For the two days that we remained in the hospital my husband and I were the sole caretakers. Heather signed the appropriate documents so that the hospital would look to my husband and I for all the care my daughter might need. The nursery woke me for her feedings. The next day our surrogate and her family visited with my daughter. My husband went to court to get the Parentage Order signed finalizing that she was ours to take home forever. We spent that day floating on cloud nine.
My surrogate and I still email a couple times of year. We exchange pictures of our children during the holiday season. And, I email her pictures of my daughter every year on her birthday. She has since delivered another surrogate baby and is currently due with another surrogate baby. We occasionally talk regarding her other surrogacies. I try to give her support and provide her with an idea of what her intended mother might be feeling.

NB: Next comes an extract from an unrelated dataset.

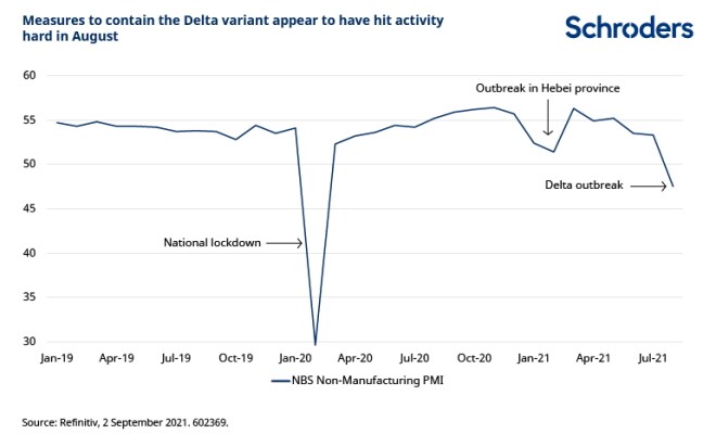 Die Konjunkturdaten blieben im Juli auf breiter Front hinter den Erwartungen zurück, und die jüngsten EMIs deuten darauf hin, dass die Konjunktur im August verhalten blieb. Im vergangenen Monat wurden die teilweisen Lockdowns zur Eindämmung von Covid-19 verschärft. Der NBS-EMI für das nicht verarbeitende Gewerbe ging nach einem Covid-19-Ausbruch stärker zurück als Anfang des Jahres. Die Produktion wurde ebenfalls unterbrochen, wozu auch Betriebsbeschränkungen in Ningbo, dem drittgrössten Seehafen der Welt, zählten.

We did find another surrogate a couple years later in an attempt to have a third child. Our previous surrogate was already engaged with another surrogacy. It was not successful after three transfers. We have agreed that our family is just perfect as it is and have stopped trying to expand our family.
Overall, I feel extremely lucky to have two beautiful children, both miracle babies in their own right. One who had a difficult journey in the womb and another who was a surrogate baby. Given the chance I would give almost anything to feel a baby growing inside me. I feel for women who have never had that experience. In the end, I am thankful everyday for the beautiful family that I have. I want to help others create their family by helping them through the emotional and sometimes complicated journey of surrogacy.